# What you need to do:
Find the line containing "Name: Vintage Alloy" in the listing below; reproduce it and every line after, exactly. Skip pictures.

# Data segment:

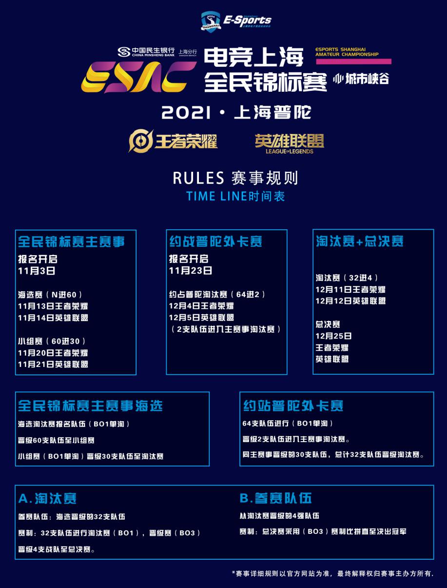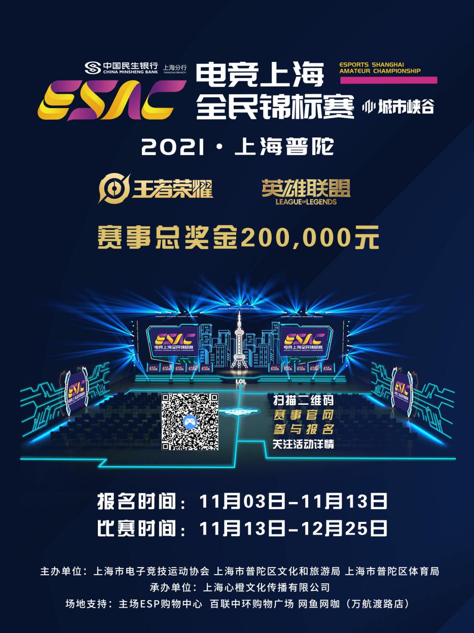 該賽事作為助力上海建設全球電競之都的重要措施之一,由上海市電子競技運動協會、上海市普陀區文化和旅游局、上海市普陀區體育局聯合主辦。賽事項目為《王者榮耀》《英雄聯盟》,賽事總獎金額為20萬元,整個賽程持續至年底,計劃將在普陀的熱門商圈和賽館----主場ESP購物中心、百聯中環購物廣場、網魚網咖(萬航渡路店)展開線下角逐。參賽隊伍可通過多維度的場景和多層次的體系,體驗職業賽事策劃所帶來的激烈比拼。據悉,這是上海唯一具有政府背景,融合不同區域、不同項目的全民電競賽事平臺,旨在培育規范化、標準化的賽事品牌,營造健康、綠色、向上的良性氛圍,進一步構建本市電競賽事的完備體系。通過職業水準的賽事體系運作,集中展現申城電競全民參與的深厚氛圍以及電競產業的整體實力。
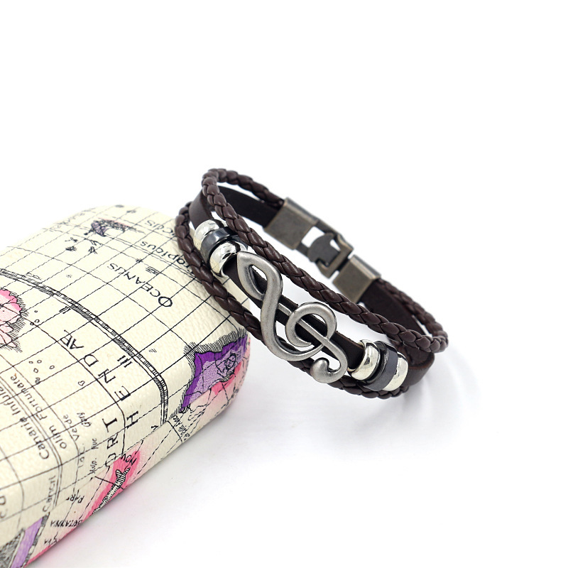 Name: Vintage Alloy Note Cowhide BraceletStyle: retro, fashionable, personalizedMaterial: cowhide+alloyCraftsmanship: HandmadeColor: black, brownSize: Approximately 21cm in length
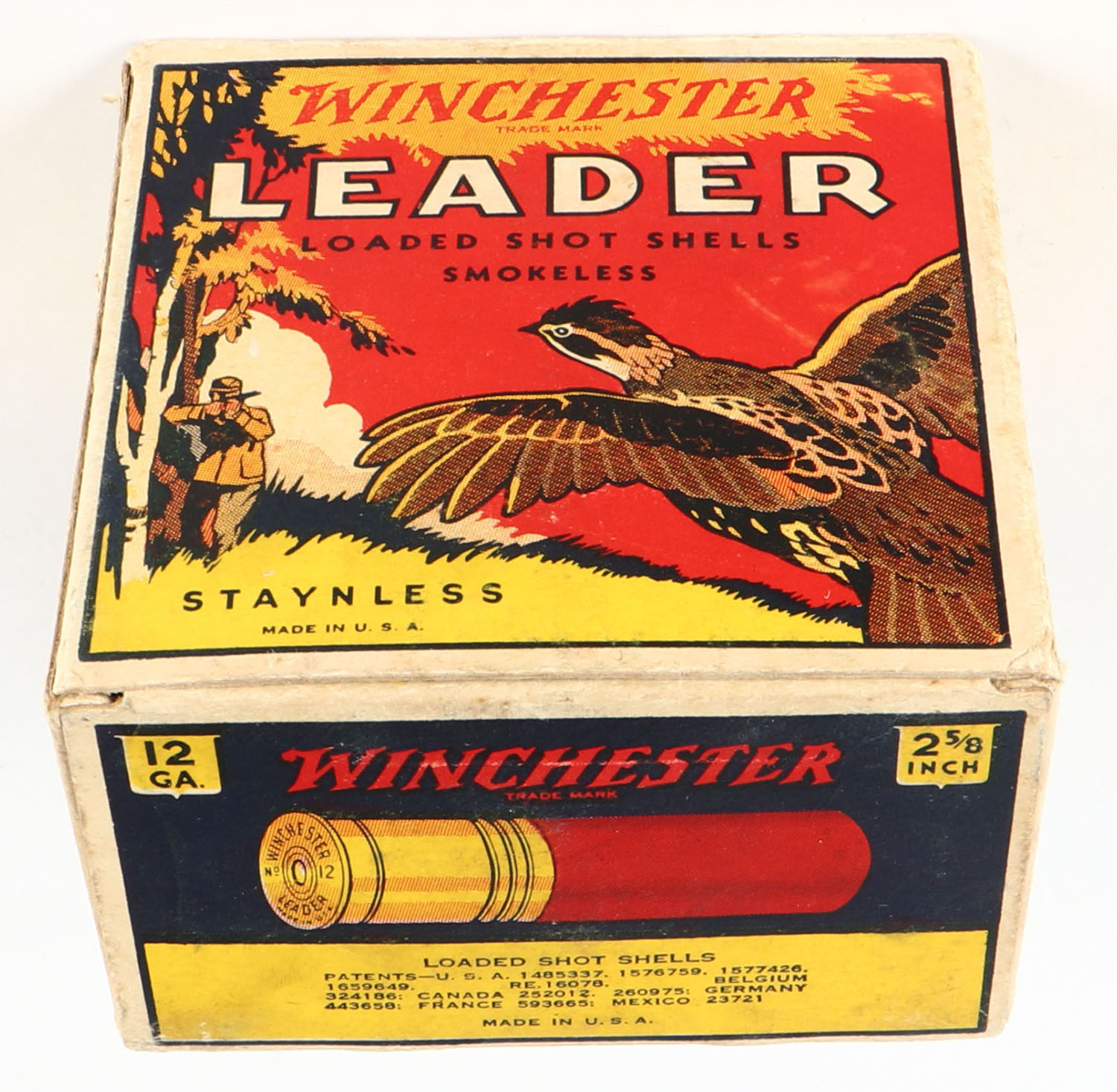Winchester, LEADER QUAIL BOX, 12ga., 1pc., Partial 16rds, shot size 6 Chilled, multi colored box with flying Quail & hunter in background, Staynless, 2 5/8'', Loading: 3 1/4 Drams 1 1/8 Oz. 6 Chilled Shot, box is solid with small edge wear on right side, has great colors, paper shells are excellent. Grade: Excellent + - Value: 600 to 1000

# Result of this exercise:
 Name: Vintage Alloy Note Cowhide BraceletStyle: retro, fashionable, personalizedMaterial: cowhide+alloyCraftsmanship: HandmadeColor: black, brownSize: Approximately 21cm in length
Winchester, LEADER QUAIL BOX, 12ga., 1pc., Partial 16rds, shot size 6 Chilled, multi colored box with flying Quail & hunter in background, Staynless, 2 5/8'', Loading: 3 1/4 Drams 1 1/8 Oz. 6 Chilled Shot, box is solid with small edge wear on right side, has great colors, paper shells are excellent. Grade: Excellent + - Value: 600 to 1000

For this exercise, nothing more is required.